Conforme dados enviados pela assessoria de imprensa da Seguradora Líder, no Rio Grande do Sul, no primeiro semestre de 2018, foram pagas 10.297 indenizações. Já no primeiro semestre de 2019, um total de 8.063 vítimas receberam o benefício, ou seja, uma redução de 2.234.

Deste total, 849 foram por morte, 4.700 por invalidez permanente e 2.514 por reembolso de despesas médicas e suplementares.

Futuro do DPVAT

O assessor não vê perspectivas positivas para o futuro, acreditando que a tendência é piorar. “acredito que não vá melhorar. Acho que esse seguro não deveria ser obrigatório de pagar, porque ele vai para uma seguradora só e ela recebe todos os seguros pagos do país e controla quem vai receber ou não. Eles fazem bem o que querem. Se tu paga uma coisa que é obrigado, quando a vítima precisa não pode contar”, afirma.

O que diz a Seguradora Líder

A assessoria da Seguradora afirma que entre os motivos para a negativa de um pedido, está a não conclusão do tratamento médico comprovando a existência de sequelas permanentes em um pedido de indenização por invalidez permanente; a falta de documentos que comprovem a relação das lesões relatadas com o acidente de trânsito; e documentos incompletos “É importante esclarecer que, para casos de invalidez permanente, é possível solicitar a indenização quando comprovada, por meio de laudo médico conclusivo, a existência de sequelas permanentes, ao fim do tratamento, sem a possibilidade de reabilitação. Solicitar a indenização nessa cobertura não é possível em caso de lesões que não resultaram em uma sequela permanente ou para vítimas que ainda estão em tratamento médico”, esclarecer a assessoria.

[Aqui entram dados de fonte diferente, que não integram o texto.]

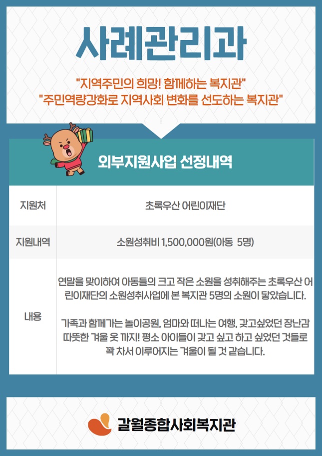 <사례관리과> 초록우산 어린이재단 "소원성취사업" 선정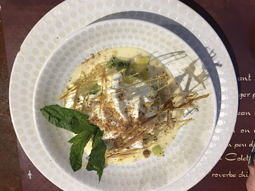 Such a delightful experience! Menu changes daily with two offerings of each, nearly every group took one of everything and shared and I would highly recommend you do the same! We walked in and all tables were reserved So we took counter service and got to sit right by all the action. It’s an open kitchen of two burners! The chef and his assistant weee so fun to watch cooking, the chef would show off how he cooked and the ingredients, so I say google the chefs table counter service if you can! The waitress speaks English otherwise all other staff speaking only French and the service was wonderful, friendly and warm. The chef and his assistant chef put out delectably dishes that this far has been the closest to home cooking, it feels like visiting friends! First Amuse Bouche was a beet mouse on toast, we ordered the croissant du poisson ( seafood filo egg roll if you will with a side of fresh gem lettuce salad and tomatoes) , mijote de sol(chicken stew on a potatoes bed, you will want to soak up every last drop with bread), dos de merlu ( steamed mussels and perfectly pan sautéed white fish, ona bed of mixed vegetables with two types of caviar), four cheese platter, and the marmalade dessert (a mousse served with cocktail of freah papaya, grapes, and banana topped with chantilly crème) … the chocolate terrine looked like a dream if only we had room! A must go ( a bit hidden but I highly recommend parking a Richelieu parking square and walking to city square and returning...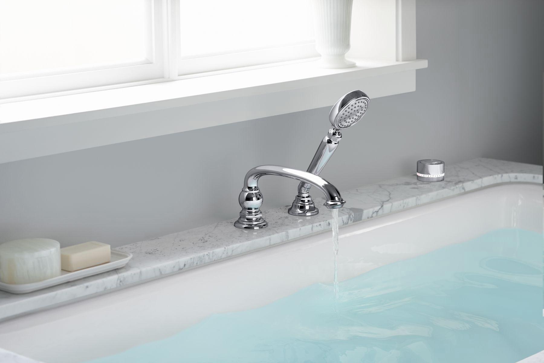 - Simple, intuitive push-button control toggles between bath filler and shower outlet.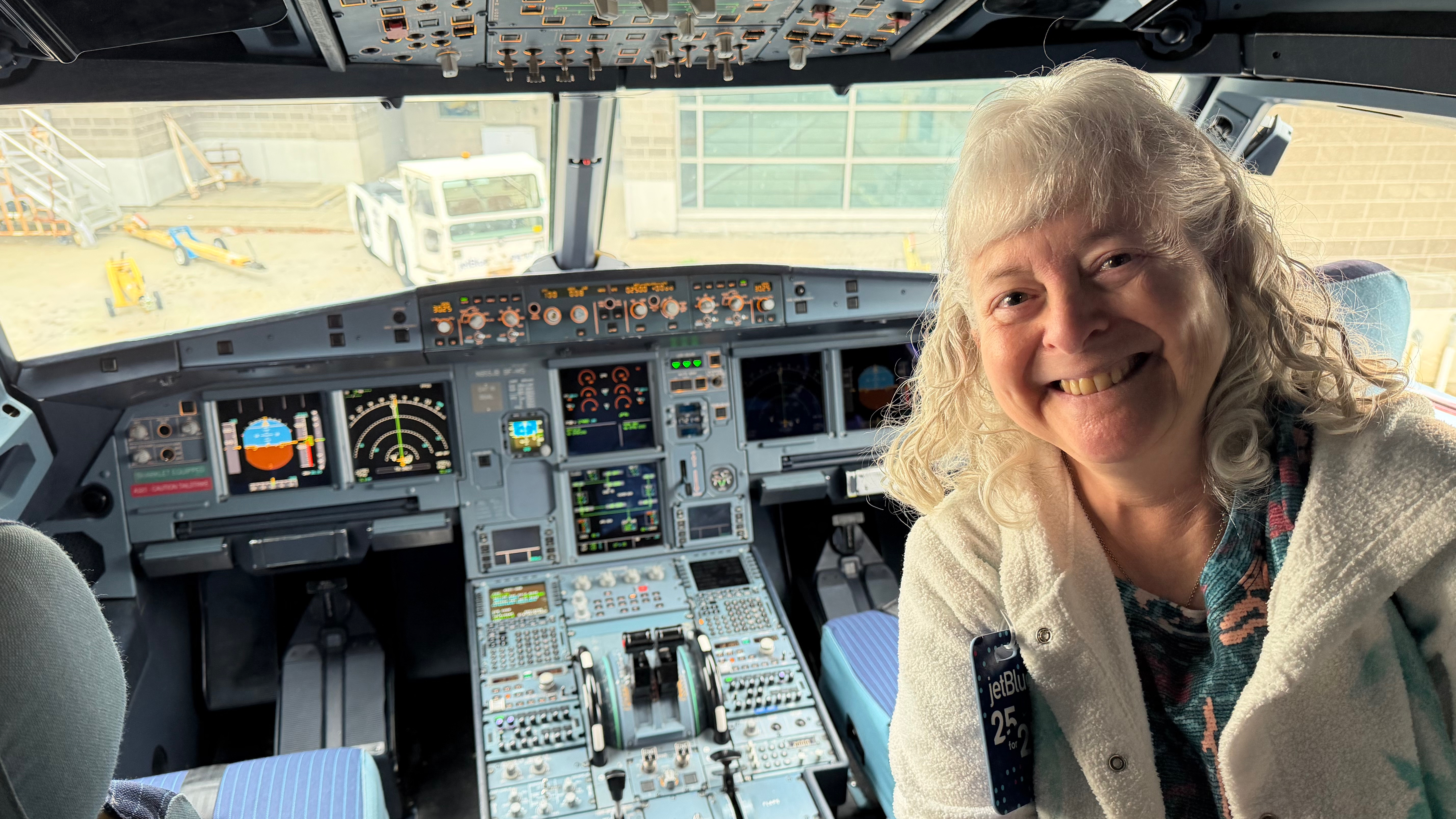 Before arrival, Sharon mentioned to the crew that this was City #25 and asked if she could grab a quick photo on the empty aircraft. They went above and beyond — they invited her to hop up front for a cockpit photo.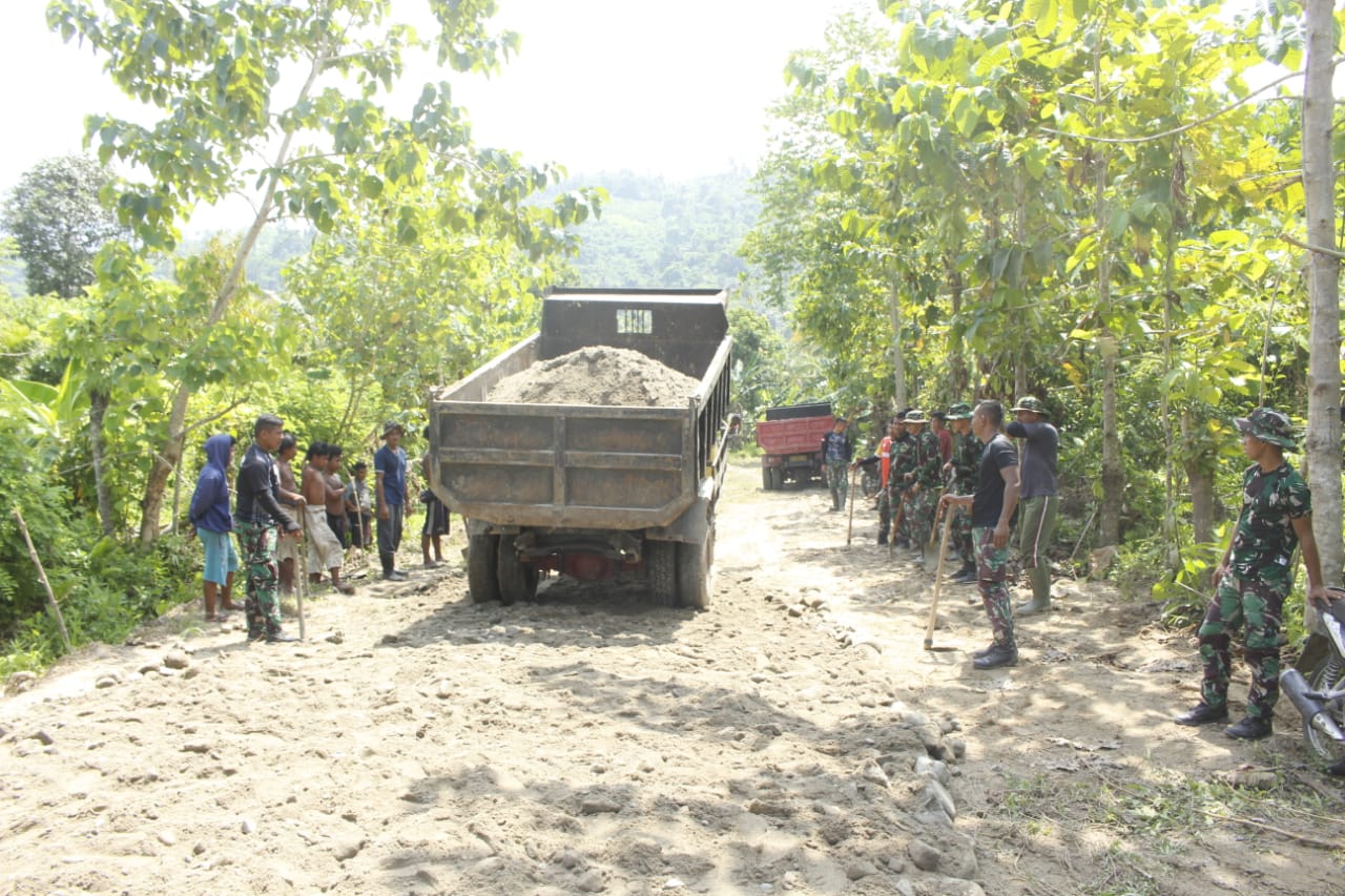 ”Benar-benar jalan ini menguji adrenalin kita saat droping material ke lokasi TMMD, sehingga kami-kami para sopir truk harus bekerja ekstra dan selalu waspada,” ungkap sopir.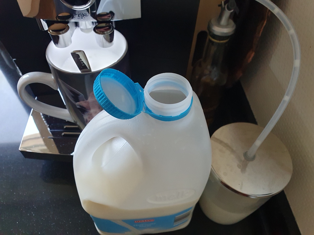 supermarket plastic milk bottle directly attached to a Jura coffee machine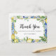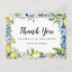 A lovely thank you note that features a blue mosaic tile border with a thin gold frame in the centre. Lemons, white flowers and sage green leaves are interwoven to create a modern botanical vibe. Thank you is written in a pretty modern calligraphy. Your name is below in an elegant text.
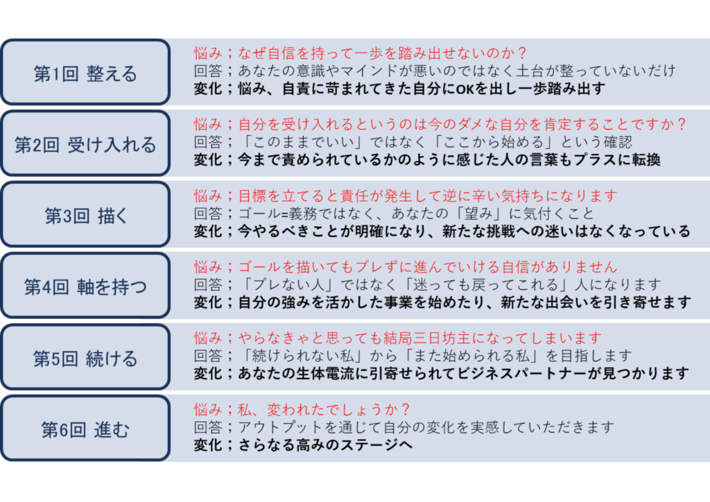 本プログラムは、あなたの中の「引き寄せの磁場」と「行動の流れ」を整えるために、6つのステップを踏んで少しずつ人生の土台を再構築していきます。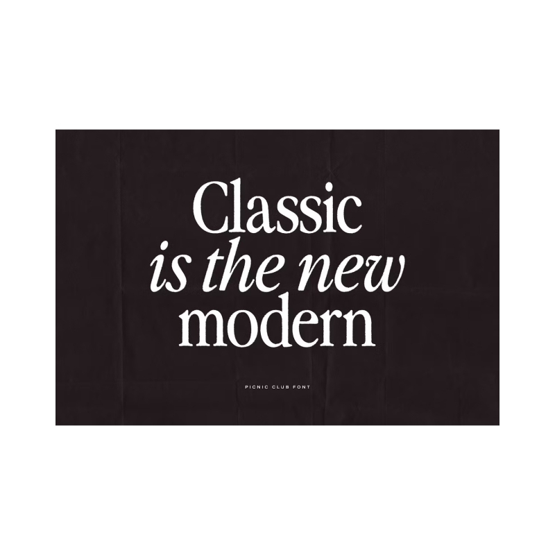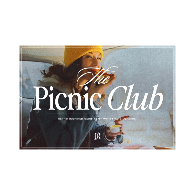 The Picnic Club - Nostalgic Serif is a stylish vintage font inspired by 80’s groovy vibe with a touch of modernity. It looks amazing at display sizes and is easily readable in text size. There are two versions of this font : REGULAR and ITALIC. Picnic Club is a display font made mainly for headlines, titles, and other short texts and is well-suited for advertising, vintage mood board, branding, logotypes, packaging, titles, editorial design and modern and vintage design.

Sobre a demora em conseguir o benefício, a assessoria afirma que o tempo tem sido até menor do que o previsto. “O prazo para análise e resposta da solicitação é de até 30 dias após a entrega da documentação completa e correta. Atualmente, esse prazo está em cerca de 10 dias”.

Sem reajustes nos valores há onze anos, a assessoria responde que todos os valores são estabelecidos em lei. “Ano passado, a Seguradora Líder realizou um estudo, com o apoio da consultoria internacional, no qual foram analisados os modelos de seguro de acidentes de trânsito adotados em 36 países. Entre as sugestões feitas está a atualização dos valores pagos às vítimas no Brasil”.